Пастернак перешагнул через порог и молча обнял старого друга юности. В воспаленных глазах Гриши Левина блеснули слезы. Из-за таких минут стоит жить и, может быть, даже умирать.

Посреди большой гостиной еще стоял, как обычно, большой круглый стол под шелковым малиновым абажуром, плотные портьеры аккуратно прикрывали окна. То, что в квартире оставалось, не розданное соседям или родственникам, было упаковано, подготовлено к выносу. На кухне, на газовой плитке, сжигались старые письма и фотографии. Лишь бумажная тарелка громкоговорителя на расклеенной богатыми обоями стене напоминала о прежней жизни. Из нее доносилась тихая предновогодняя музыка.

Борис Леонидович вытащил из кармана вчетверо сложенный листок и протянул другу.

– Вот мой тебе подарок на Новый год. Стихи называются «Дурные Дни», вроде сегодняшних, правда? Напи-сал их на лестнице перед твоей дверью.

Из недр квартиры появилась безмолвная женщина, жена.


– Вот мы вдвоем остались, ждем, – смиренно «докладывал» Левин, – внуков разослали по разным городам да родственникам. Вряд ли это им поможет, но может быть?

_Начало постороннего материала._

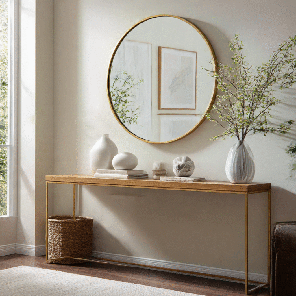 A large mirror instantly opens up any space and adds elegance — ideal for entryways.

Женщина посмотрела в глаза Борису Леонидовичу с такой щемящей благодарностью, что тот не выдержал – отвернулся и нервно зашагал вдоль портьер.

Доктор Левин быстро просмотрел страничку и некоторое время наблюдал за другом.

– Сегодня я впервые заметил, что ты все же прихрамываешь.

– В таком случае, ты второй, кто это заметил.

– А первый?..

– Это важно? Не знаю, но это был Сталин. В двадцать пятом году писателей поочередно вызывали к нему на беседу… Я сделал ему навстречу всего три шага, а он сразу спросил, отчего я хромаю. И очень подробно потом об этом меня расспрашивал. Больше ни о чем. Как будто это было важней литературы.

– А ты ведь, если призадуматься, так с того вечера на даче – помнишь? – только и делаешь, что прыгаешь с обрыва. Вот и сегодня… Это ведь тоже прыжок, чтобы спасти уже утонувшего.